## TASK REQUIREMENTS:
The answer should be the exact lines from the line containing "3、日常活动挑战首领BOSS来获取提升战力的道具以及锻造饰品的道具。" through the last line of the material below, with no pictures.

SOURCE DATA section start

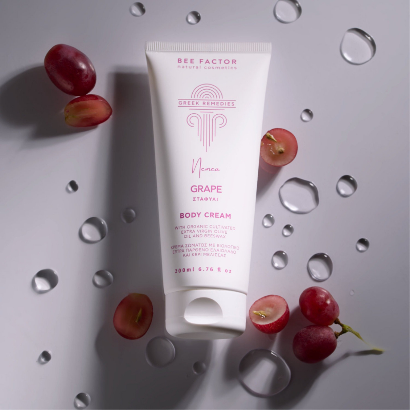Grape Revitalizing Body Cream from the Greek Remedies line draws its power from Greek grape extract sourced from Nemea, Corinthia—a region renowned for its antioxidant-rich vineyards.
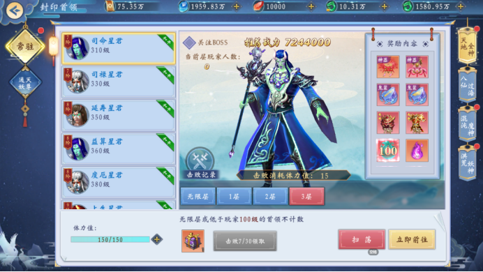 3、日常活动挑战首领BOSS来获取提升战力的道具以及锻造饰品的道具。
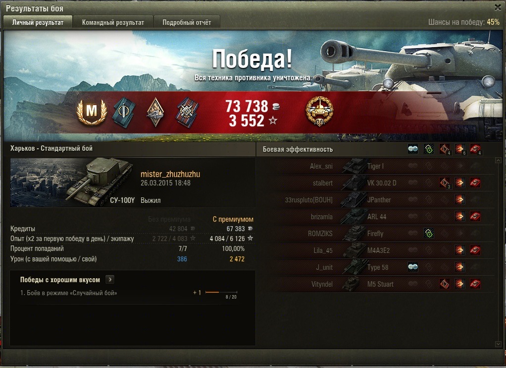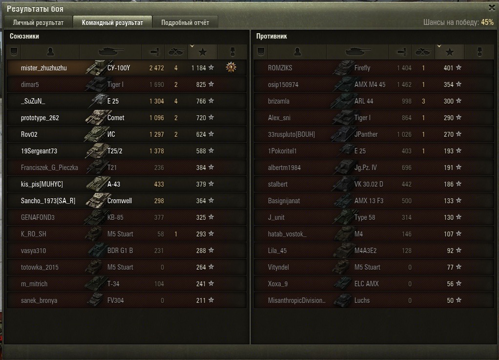 блин из 30 боёв 2 победы . Это как ? Почему её кидает на слив , танк нравится , но зделать ничего не успеваю т.к в первые 2 минуты боя команда сливается и остаёшся один . Да и насчет пушки , 197 пробития как бы нет , по ощущениям су 100 пробивает лучше со своими 175 . А это же какой то капец /, кв1 в бок с 200м не пробивает , причем не только его .А заряжать голду уж извините , не для нее танк брался . Да и где и кого пробивать знаю . Ис 6 так же с 200м не пробил 3 раза подряд , и тут вопрос : где её хвалёные 197 пробоя ? Мастера взял почти сразу за 2800+к дамага Изменено пользователем SteVaNn
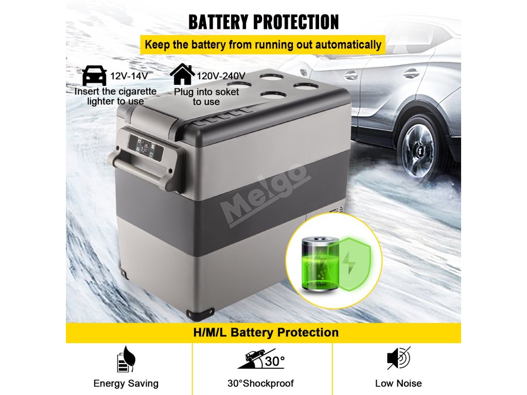 Třívrstvá ochrana baterie může zabránit vybití baterie vozidla chladničkou. Je navržena tak, aby byla tichá a zajistila vám klidný spánek po dlouhé jízdě. Chladničku lze také udržet stabilní díky jejímu naklonění o 45°.

SOURCE DATA section end

## ANSWER AREA:
 3、日常活动挑战首领BOSS来获取提升战力的道具以及锻造饰品的道具。
 блин из 30 боёв 2 победы . Это как ? Почему её кидает на слив , танк нравится , но зделать ничего не успеваю т.к в первые 2 минуты боя команда сливается и остаёшся один . Да и насчет пушки , 197 пробития как бы нет , по ощущениям су 100 пробивает лучше со своими 175 . А это же какой то капец /, кв1 в бок с 200м не пробивает , причем не только его .А заряжать голду уж извините , не для нее танк брался . Да и где и кого пробивать знаю . Ис 6 так же с 200м не пробил 3 раза подряд , и тут вопрос : где её хвалёные 197 пробоя ? Мастера взял почти сразу за 2800+к дамага Изменено пользователем SteVaNn
 Třívrstvá ochrana baterie může zabránit vybití baterie vozidla chladničkou. Je navržena tak, aby byla tichá a zajistila vám klidný spánek po dlouhé jízdě. Chladničku lze také udržet stabilní díky jejímu naklonění o 45°.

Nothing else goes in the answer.